После калечества, полуслепая и полуглухая, она откуда-то заранее, издали чуяла смерть. Она за пять минут подходила к смертной избе и выла тонким голосом. Люди ее боялись, но одновременно и любили за жалобность, которой в душе полным-полно, а выражений ее нету. А вот у собаки есть – вой. Глядя на Розку, люди подпевали собаке.
– Ну, и слава богу, – сказал дед, когда уже пришли похоронные люди, и тут же заорал: – Ей-то, конечно, хорошо, а мне этого ошметка корми. До армии еще пять лет.
И он бы его ударил налыгачом, но соседка, остановив подпевание Розки, перехватила руку.
– Ты уже совсем ку-ку, Кузьмич?
Когда маму похоронили, он взял обрез деда. Тот его не прятал. Взял и ушел куда глаза глядят. Обрез лежал в длинной узкой сумке. Мама держала в ней лук. Он высыпал его на пол, мечтая, как вечером дед, войдя в дом, подскочит на верткой луковице и с разбитой башкой так и останется лежать, как лежала бабушка, когда он ударил ее чайником. Бабушка истекла кровью и умерла, но деду ничего не было ни за бабушку, ни за Розку, ни за подстреленного соседа, который остался хромым на всю жизнь, ни за младенца-сестренку, которую он вынес в сени на мороз, потому что плачем мешала ему спать. Мама была в вечерней смене, вернулась. А девочки уже нет.
Деду все сходило. И он знал, почему. Уже перед смертью мама сказала ему: «Ты не суди деда. Он несчастный. Он смолоду был поставлен на казнь людей. С тем и остался».

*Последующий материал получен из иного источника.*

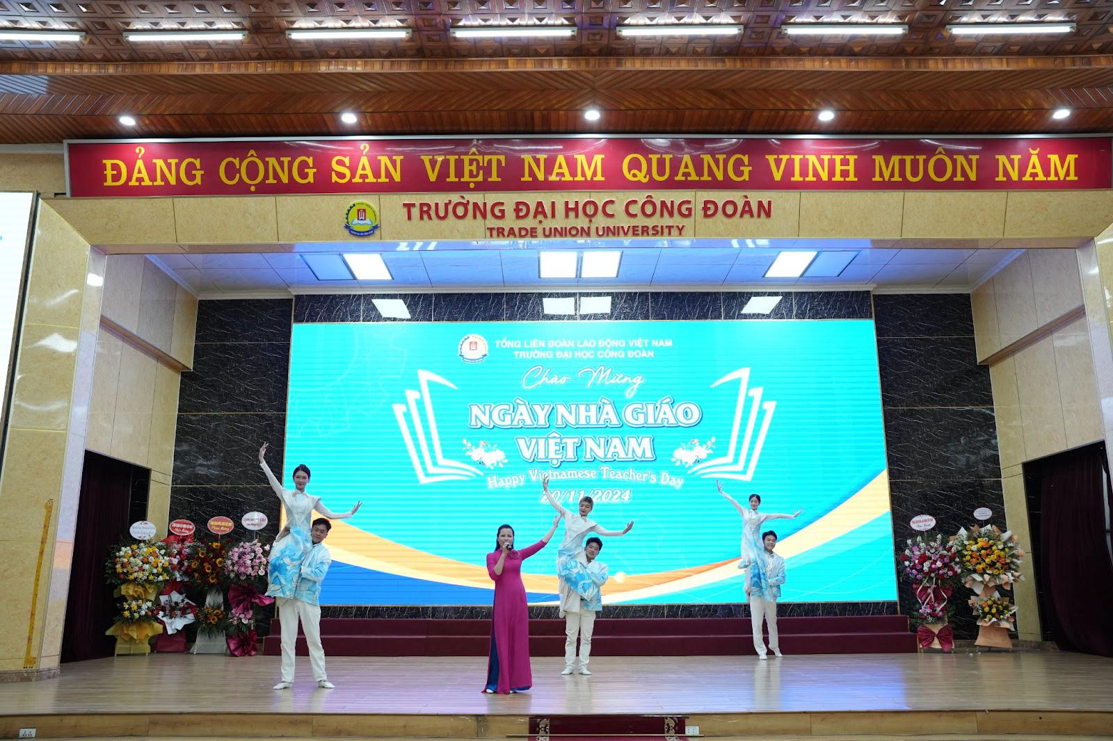 Tiết mục văn nghệ đặc sắc do Giảng viên và Sinh viên Nhà trường biểu diễn tại lễ kỉ niệm.

И мама рассказала, как в конце войны и после нее через их станцию проходили составы с людьми, сосланными в Сибирь и на Север. Она называла их странным словом «прибалты». Больше он никогда этого слова не слышал.
– Мне было лет пять-шесть, – говорила мама, – мы бегали смотреть на людей за решеткой окон. Дед же гордился работой, считал правильной. «Я бы их всех расстрелял сразу. Чего с врагами народа чикаться?» Он такой от жизни, от дела…

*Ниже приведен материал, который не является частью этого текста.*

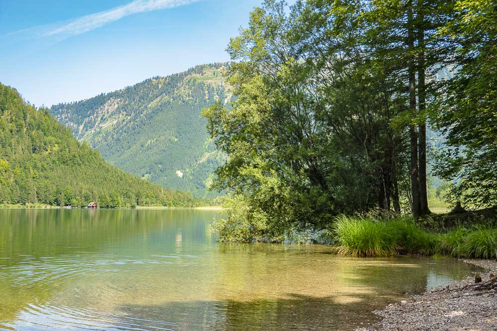 Blick vom Schotterbett des Rinnerbachs über den Offensee zu seiner Ostseite.

И еще сказала: «Ты с ним осторожней, ему смерть – не смерть. Он знает то, что страшнее ее». Отца дед выгнал из дома, когда тот кинулся в суд за смерть сестренки. Он его, пешего, гнал на лошади, пока отец не рухнул на дороге. Мама сказала: «Ну, и слава Богу. Одним живым на свете больше». Потом стали приходить деньги, и обратный адрес был всегда разный и странный. Например: «Северный полюс, остров № 5». Или: «Москва. Елисеевский гастроном. Отдел печени трески».
Глядя на перевод, дед говорил матери:
– Хочешь, найду выблядка на раз-два? Мне это как два пальца обоссать.

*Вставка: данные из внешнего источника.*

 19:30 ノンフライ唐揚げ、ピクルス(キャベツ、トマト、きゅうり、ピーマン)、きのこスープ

– Не нужен он мне, – кричала мама.
Но он знал, что она врет. Он слышал, как она ночью плачет. Деньги – что деньги? Они не человек. Тем более что дед все равно их забирал до копеечки, и уж тогда после его пьянки в деревне святых надо было выносить.
Он смотрел на мокрый потолок. Над ним уже несколько минут набухала большая серая капля. Он разодрал полиэтиленовый пакет, чтобы успеть накрыть им голову. У него уже давно такая игра с каплями – кто кого. Счет был равный. Человеческий ум не был быстрее водяного.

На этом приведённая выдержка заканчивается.